Posted on Nov. 8, 2018

Guest blogger Patrick Thomas of Notre Dame Law School brings us this week’s few designated orders. He then reviews the development of the Designated Order blogging project and reports the data that the team has gathered so far. There are some interesting statistics on Designated Orders that deserve some attention.

In related news, Paul Merrion at MLEX US Tax Watch recently wrote about (login required) the Tax Court’s new contract with Flexion, Inc. to develop a new electronic filing and case management system. The two-sentence announcement on the Tax Court’s homepage had escaped my notice. Paul’s article summarizes the request for proposals, which can be found here. While the Tax Court declined to comment on the article, this development may be a sign of greater openness to come. Christine

Designated Orders: 10/15 – 10/19/2018

The Tax Court issued only two designated orders during this week, both of which Judge Armen wrote. I will not discuss either in depth here. For posterity’s sake, Judge Armen upheld the Office of Appeals’ decision to sustain a levy in Cheshier v. Commissioner, a Collection Due Process case in which the Petitioner did not provide financial information or tax returns in the CDP hearing. In contrast, the second case, Levin v. Commissioner, involved a very responsive CDP petitioner. In Tax Court, the parties disagreed as to the financial analysis, the propriety of filing a NFTL after entering into an installment agreement, and the necessity of filing business tax returns. Alas, the Tax Court agreed with Respondent on all counts. The order from Judge Armen merely finalized Judge Ashford’s opinion in this case (T.C. Memo. 2018-172), which I would recommend for further reading.

The Designated Orders Project & Statistics

With such a light week, this provides an opportunity to take stock of our Designated Orders blogging project, which began in May 2017. Since then, Samantha Galvin, William (Bill) Schmidt, Caleb Smith, and I have tracked every order designated on the Tax Court’s website. As of October 30, 2018, there have been 623 designated orders—though many orders occur in consolidated cases, causing the number of “unique” orders to be substantially less at approximately 525.

Why do we track these orders? First, the orders often deal with substantive issues of tax procedure. Some orders could very well be reported opinions. Many of these issues—especially those arising in CDP cases—receive comparatively less coverage in the Tax Court’s opinions. Indeed, through “designating” an order, the individual judge indicates that the order is more important than a routine order (of which the Tax Court issues hundreds each day). The orders can often reveal the direction in which an individual judge or the Court is tracking on certain issues.

Given the importance of the orders, one might surmise that the Tax Court’s website could filter the designated orders from those not designated. One would be mistaken. The Order Search tool on the website does not distinguish between designated and undesignated orders. (I am told, however, that internal users within the Tax Court can search and filter Orders by whether they were designated.)

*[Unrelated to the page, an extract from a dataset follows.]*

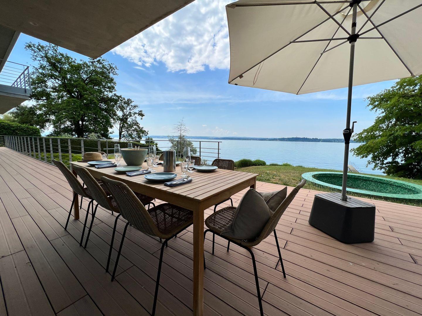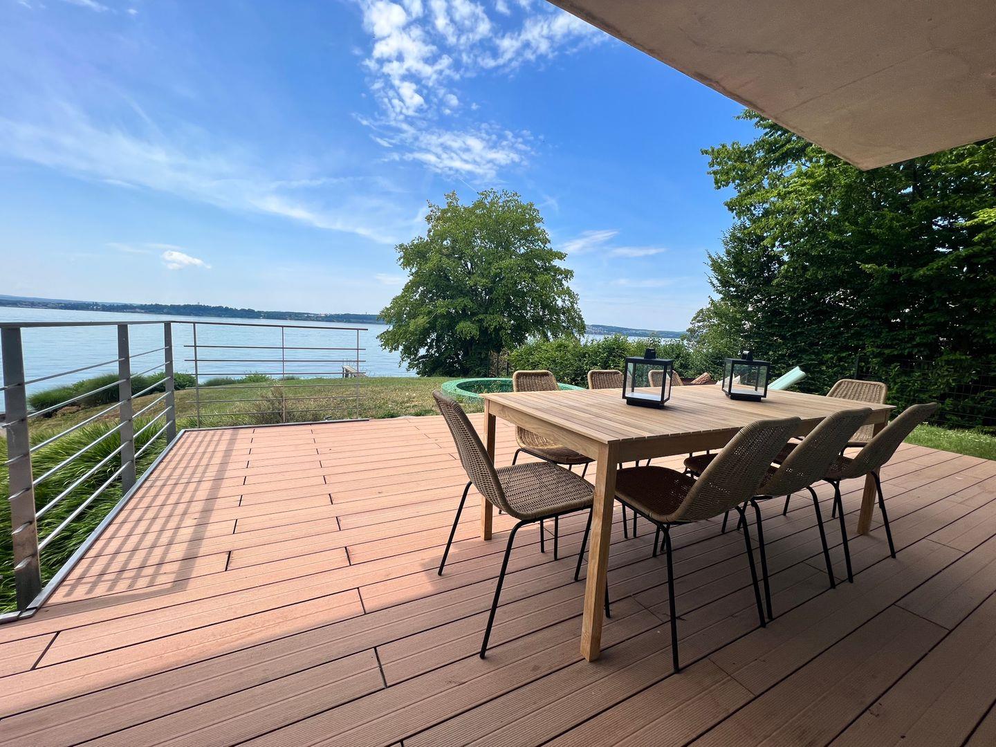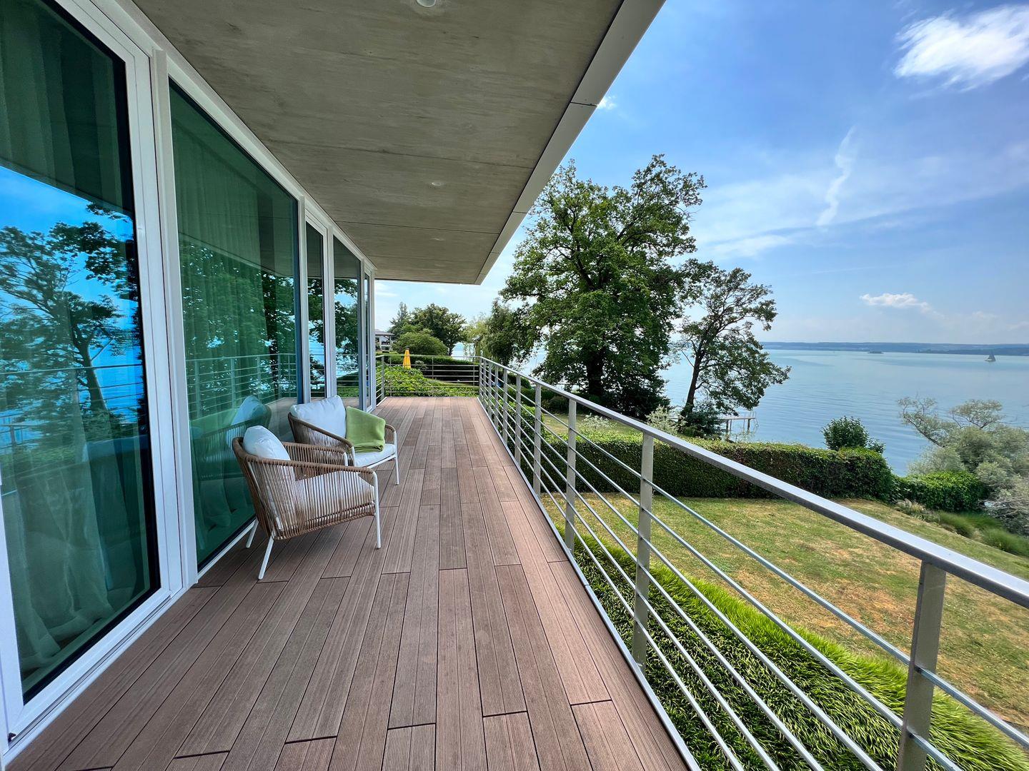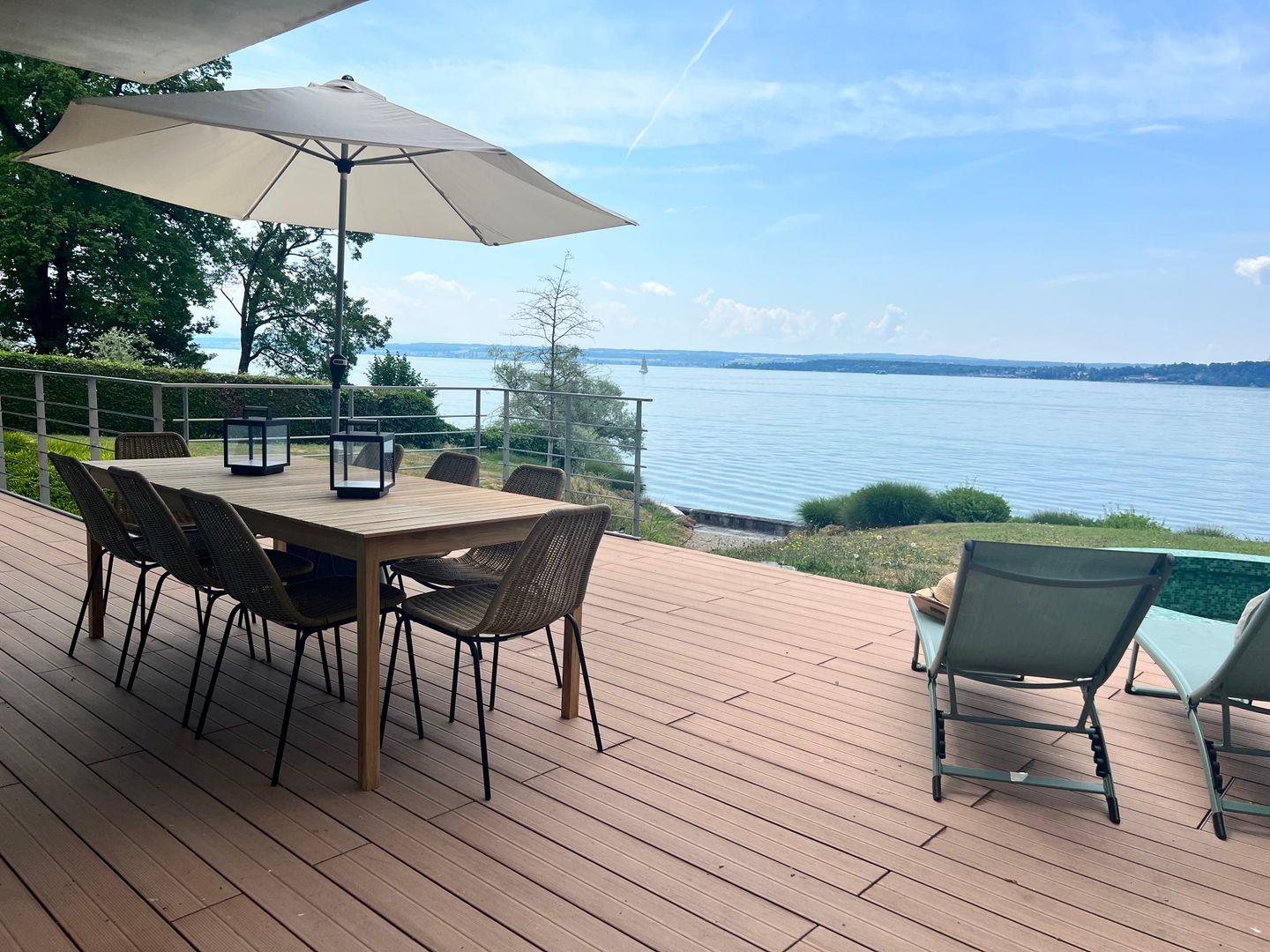 Ein familienfreundliches Luxus-Hideaway am Bodensee mit privatem Badesteg und Seezugang: Verbringen Sie eine traumhafte Auszeit in besonderem Ambiente und genießen Sie ein Urlaubserlebnis der Extraklasse. Die Villa am See befindet sich auf einem großzügigen Grundstück in Alleinlage direkt am Bodenseeufer und verfügt über Schlafplätze für bis zu 12 Personen. Das Luxusferienhaus bietet mit über 300 qm Wohnfläche und mehreren Terrassen rund um das Haus einen atemberaubenden Rundblick auf die harmonische Bodenseelandschaft.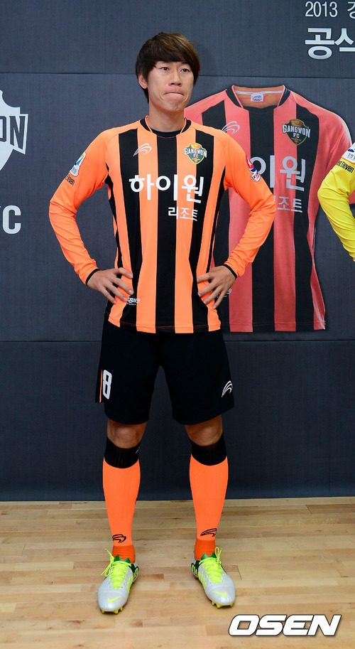 25일 오후 강원도 강릉시 노암동 오렌지하우스에서 진행된 '2013 강원FC 공식용품 후원 협약식 및 유니폼 발표회'에서 강원FC 김은중이 새로운 유니폼을 입고 포토타임을 갖고 있다.

Instead, orders are listed on the “Today’s Designated Orders” page each weekday after 3:30pm Eastern time (or, a message appears that no orders were designated on that day). At some unspecified time overnight, any record of these orders disappears. Of course, the underlying orders are themselves maintained within the dockets of their respective cases. But without knowing which orders were designated, it becomes impossible to discover them.

As an aside: no compelling reason exists to hide the designated status of an order from the public. Professor Lederman’s recent post nicely encapsulates the continuing (though progressively fewer) transparency concerns that the Tax Court faces. This certainly is another; yet the Court’s historic rationale for preventing disclosure of information (the valid concern with taxpayer privacy) simply does not apply here.

So, Caleb, Samantha, Bill, and I began tracking every order each weekday in May 2017. We have logged the date, docket number, petitioner, judge, and hyperlink for every designated order since then.

This summer, I cleaned and analyzed one year of designated orders data from April 15, 2017 until April 15, 2018. (I acknowledge help from Bill in initially looking at this data, along with substantial work from my research assistant, Chris Zhao). In addition to the above data, I added data regarding the jurisdictional type, whether the case was a small case under IRC § 7463, and whether the order merely transmitted a bench opinion under IRC § 7459(b). I present those initial findings below. In later work, I will compare the designated orders with opinions and “undesignated” orders (some of which are indeed just as substantive as designated orders, as Bob Kamman has routinely pointed out to us).

The dataset revealed 319 unique orders during the research period. In terms of content, we have not systemically tracked the subject matter of designated orders in our dataset. From our experience, the vast majority of orders deal with substantive, often tricky issues. The one major exception is found in Judge Jacobs’ orders, which are often routine scheduling orders. We are not sure why these orders are designated, presuming the purpose of designating an order is to highlight an important case or issue.

While we did not track individual issues, the dataset does contain a jurisdictional breakdown. Deficiency and CDP cases accounted for the vast majority of orders (51.10% and 37.30%, respectively). Other case types included partnership proceedings, whistleblower, standalone innocent spouse, retirement plan qualification review, 501(c)(3) status revocation, and others that involved multiple jurisdictional types.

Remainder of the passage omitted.